Fodwatch: Automation for detecting reproducibility issues in fixed-output derivations

The goal of this project is detecting broken fixed-output derivations (for example: upstream tarballs or entire domains bitrotting away, git tags getting force pushed, fetchurl instead of fetchpatch, etc.). It does this by forcibly rebuilding all FODs in nixpkgs with allowSubstitutes=false and disabling tarballs.n.o.

Broken FODs are currently undetected because sources are also cached at cache.n.o.

Currently, 845 out of 91025 (or 0.93%) of FODs are broken for x86_64-linux (but keep in mind that I initially ran this in May, which was a bad month for GitHub uptime). I intend to run this somewhat regularly.

https://tapesoftware.net/fodwatch/

22 Likes

Nice website! If it isn’t too hard it would be cool to search by maintainer too.

3 Likes

That’s possible now.

2 Likes

Tangential curiosity: how hard do you think it would be from ~here to trawl through past revisions to collect and deduplicate all of the FODs before checking?

(If the cache leaves S3, I’ve wondered if there’s meaningful egress savings in seeding the new cache with all of the sources that are still reachable and unchanged.)

If I understand correctly, you want a set of all outPaths of all FODs, ever (and then possibly build those). The limiting factor there is how fast you can evaluate nixpkgs, as each evaluation takes 5-10 minutes ish. And you need to potentially do it for every system that gets cached (there are darwin and linux specific packages for example. Even now this project is missing some derivations because of that).

1 Like

Yes, roughly (and you’re right that there will be a tail of system-specific FODs, especially in the packages that just download existing binaries).

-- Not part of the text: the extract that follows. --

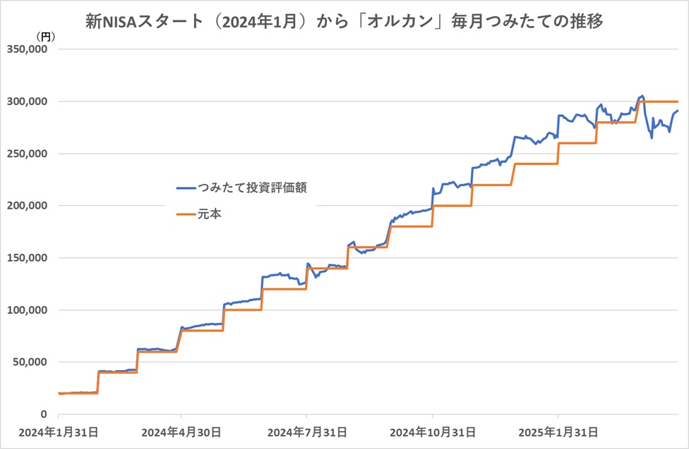 米トランプ大統領が打ち出す関税政策の影響で米国をはじめとして世界の株式市場が混乱し、株価が大きく下落したため、新NISAを機に投資を始めた人たちが肝を冷やしている。特に、4月2日にトランプ大統領が発表した大規模な「相互関税」によって株価が急落し、4月8日には米「S&P500」は5000ポイントの大台割れ、「NASDAQ総合」は2024年12月高値から約24%安の水準まで下落した時のショックは大きかっただろう。新NISAがスタートした2024年1月からコツコツとつみたて投資をしてきた人たちも含み損を抱えることになった。新NISA開始で強烈な資金流入があった「eMAXIS Slim 全世界株式(オール・カントリー)」(通称:オルカン)のつみたて投資を振り返って今後を展望したい。 「オルカン」でのつみたて投資は2024年12月末までは極めて順調に推移した。たとえば、新NISAがはじまった2024年1月から毎月末に2万円をつみたて投資するというプランだった場合、2024年12月末時点のつみたて投資の評価額は約26.6万円で元本の24万円を2万円以上上回っていた。つみたて投資開始以来、おおむね投資元本を上回る投資成績が継続し、2024年8月5日の急落時に当時の投資元本14万円を1万円ほど下回る評価損の時期があったが、それも8営業日でプラスに転換して事なきを得ている。翌9月にも一時的に評価損の時期があったが短期に回復し、結果的に月末時点での評価額はつみたて元本に対してプラスの評価を2025年3月末まで継続している。 ところが、4月4日に投資元本30万円に対して評価額が28.8万円とマイナス評価に落ち込んでからは、4月28日まで17営業日連続でマイナスの状態が続いている。ファンドの基準価額は月末に向けて上昇を続けているものの、月末時点で初めて投資評価がマイナスになることも想定される事態になっている。つみたて投資している人は、現在までの株価の動きに落ち着かない心持ちになっていることだろう。 米国の関税政策に関する株価の反応は、トランプ大統領や政権の主要メンバーの発言ひとつで将来の見通しが大きく変わってしまう可能性があることが一番悩ましい。それこそ、ニュースの見出し一つで株価が右往左往するような状態になってしまう。4月後半になって株価が持ち直している背景には、4月2日に発表した大規模な関税策を4月9日に「90日間凍結する」と発表し、その後は関税に対する強硬姿勢が徐々に緩和しているような発言が続いているということがある。これが、ある日突然、どこかの国との交渉が険悪な結果になるというようなニュースが出て、米政権が態度を硬化させたなどいう事態になれば、せっかくの安心ムードが一気に悪化する可能性もある。このため、株価が不安定な状態がしばらく続く可能性が高い。 新NISAのスタートを機に投資信託への投資を始めた人たちにとっては、初めてといってよい本格的な下落局面ということになる。株式に投資する場合は、価格変動があるということは事前にわかっていたとしても、実際に自分自身の資産が目減りしている現実に直面すると気持ちが動揺することにもなるだろう。そのような場合は、足元の状況だけに思考をしばられてしまうのではなく、落ち着いて広い視野で考えるようにしたい。 たとえば、より長い期間の実績を振り返ってみる。「オルカン」が設定された2018年10月31日を起点として約6年半のつみたて投資の結果をみると毎月2万円の積み立て投資で2025年3月末まで78カ月のつみたて投資元本は156万円。つみたて投資の評価額は約269万円になっている。4月に株価が下落しても余裕で投資元本を上回る成果が残っていることになる。 そもそも「つみたて投資」は、投資するタイミングをずらして分散化することによって価格変動リスクを抑える投資手法として知られている。価格変動リスクを抑えるということは、価格の下落時には市場の下落率に対して資産の目減りを小さく抑えるという効果にもなるが、同時に価格の上昇時にも大きな収益が得にくい投資手法だ。文字通り「コツコツと収益を重ねる」ことを目標としている。したがって、つみたて投資の期間が短いと積み上がった収益が少ないため株価の下落時に積み上げた収益以上のマイナスになることがある。つみたて期間が長くなるほどに積み上げた収益が大きくなるため、株価下落時にもマイナスに落ち込むことが少なくなっていくことになる。 もちろん、つみたて投資は長期につみたてを行えば必ずプラスの収益が得られるというものではない。つみたて投資期間に、投資対象にした資産が最終的にはプラスの成績になっていることが条件だ。中には、バブル崩壊後の日本株式市場のように10年以上にわたって下落し続けるようなこともある。そのように下落が継続しているような投資対象でつみたて投資をしていてもプラスの成績にはならない。つみたて投資の投資対象として「全世界株式(オール・カントリー)」や「米国株式(S&P500)」、あるいは、「国内株式(日経平均株価)」など株

I could imagine reducing the eval load by writing a script that can iterate over revisions and ~accumulate revisions that don’t overlap/conflict…

That said, as I think about the logistics, and how many machine-months it could take to eval even 1/20th of the number of commits, and about how much time the git operations alone might take, and the fact that the cache may also have sources from hydra builds in other repos–I’m hoping the problem is more tractable from the cache side :slight_smile: